• DATA EXCERPTS:
= Beginning of Section =
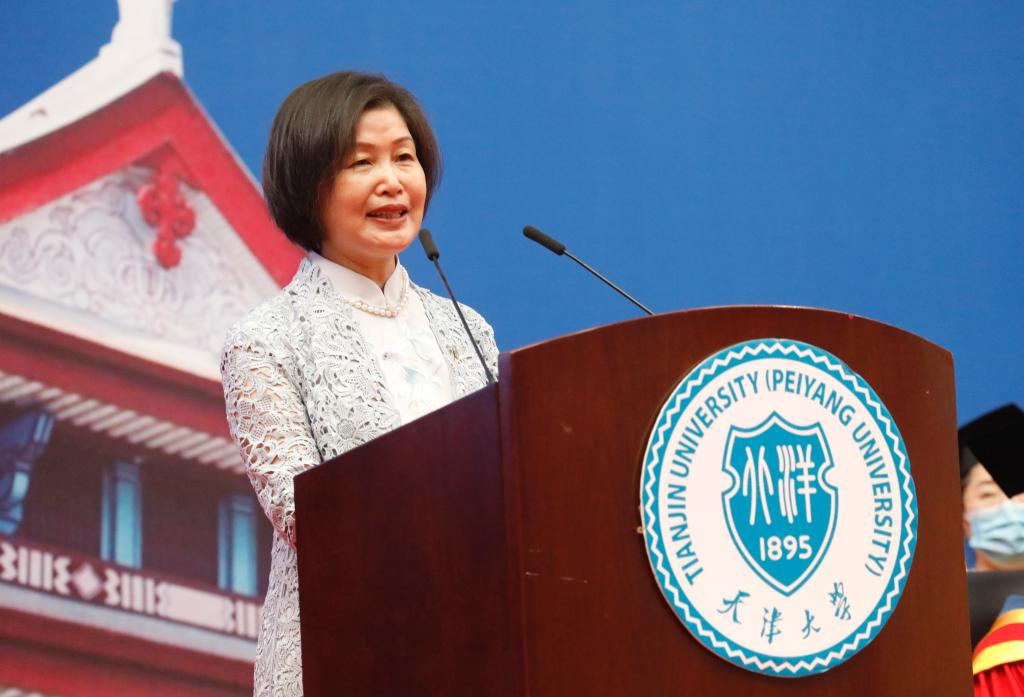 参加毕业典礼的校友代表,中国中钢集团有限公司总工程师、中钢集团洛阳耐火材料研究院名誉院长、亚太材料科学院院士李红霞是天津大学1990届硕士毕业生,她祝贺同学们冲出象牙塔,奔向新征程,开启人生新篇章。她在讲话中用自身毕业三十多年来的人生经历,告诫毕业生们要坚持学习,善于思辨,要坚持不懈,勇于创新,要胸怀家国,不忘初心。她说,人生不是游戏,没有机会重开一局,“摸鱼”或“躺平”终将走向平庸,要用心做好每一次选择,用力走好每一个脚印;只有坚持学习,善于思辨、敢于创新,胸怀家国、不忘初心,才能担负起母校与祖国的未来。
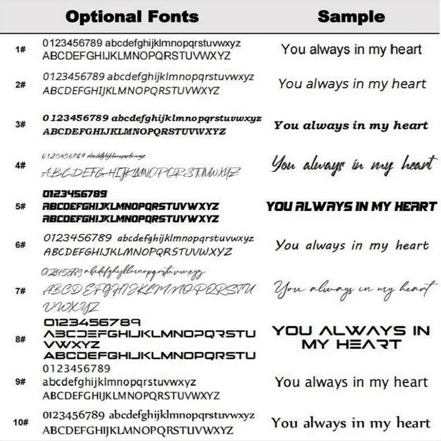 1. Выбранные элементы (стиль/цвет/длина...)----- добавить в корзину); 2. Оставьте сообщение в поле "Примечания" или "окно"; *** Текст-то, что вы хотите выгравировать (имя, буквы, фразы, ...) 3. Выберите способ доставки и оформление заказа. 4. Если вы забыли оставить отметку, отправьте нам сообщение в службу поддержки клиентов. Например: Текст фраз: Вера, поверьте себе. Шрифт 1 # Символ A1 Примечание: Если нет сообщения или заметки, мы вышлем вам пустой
= End of Section =
= Beginning of Section =
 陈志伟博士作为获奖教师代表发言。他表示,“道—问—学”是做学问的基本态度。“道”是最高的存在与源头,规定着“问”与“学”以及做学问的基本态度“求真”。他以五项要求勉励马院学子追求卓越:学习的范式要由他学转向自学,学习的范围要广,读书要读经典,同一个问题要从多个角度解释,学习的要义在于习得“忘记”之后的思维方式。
= End of Section =
= Beginning of Section =
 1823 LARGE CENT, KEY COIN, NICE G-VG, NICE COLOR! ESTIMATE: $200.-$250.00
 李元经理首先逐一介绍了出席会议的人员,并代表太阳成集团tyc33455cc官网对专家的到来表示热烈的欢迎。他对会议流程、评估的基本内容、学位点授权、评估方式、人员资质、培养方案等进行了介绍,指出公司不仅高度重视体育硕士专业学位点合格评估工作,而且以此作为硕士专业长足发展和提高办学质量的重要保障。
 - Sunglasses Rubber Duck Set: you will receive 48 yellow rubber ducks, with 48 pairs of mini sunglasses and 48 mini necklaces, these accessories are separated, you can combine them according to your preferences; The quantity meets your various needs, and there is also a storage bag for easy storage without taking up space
= End of Section =
• DESCRIPTION OF THE TASK:
A clean copy is needed of the lines in the listing above from the one with "参加毕业典礼的校友代表,中国" through the one with "1. Выбранные элементы", exact in every word and free of pictures.

• RESULT FOR THIS EXERCISE:
 参加毕业典礼的校友代表,中国中钢集团有限公司总工程师、中钢集团洛阳耐火材料研究院名誉院长、亚太材料科学院院士李红霞是天津大学1990届硕士毕业生,她祝贺同学们冲出象牙塔,奔向新征程,开启人生新篇章。她在讲话中用自身毕业三十多年来的人生经历,告诫毕业生们要坚持学习,善于思辨,要坚持不懈,勇于创新,要胸怀家国,不忘初心。她说,人生不是游戏,没有机会重开一局,“摸鱼”或“躺平”终将走向平庸,要用心做好每一次选择,用力走好每一个脚印;只有坚持学习,善于思辨、敢于创新,胸怀家国、不忘初心,才能担负起母校与祖国的未来。
 1. Выбранные элементы (стиль/цвет/длина...)----- добавить в корзину); 2. Оставьте сообщение в поле "Примечания" или "окно"; *** Текст-то, что вы хотите выгравировать (имя, буквы, фразы, ...) 3. Выберите способ доставки и оформление заказа. 4. Если вы забыли оставить отметку, отправьте нам сообщение в службу поддержки клиентов. Например: Текст фраз: Вера, поверьте себе. Шрифт 1 # Символ A1 Примечание: Если нет сообщения или заметки, мы вышлем вам пустой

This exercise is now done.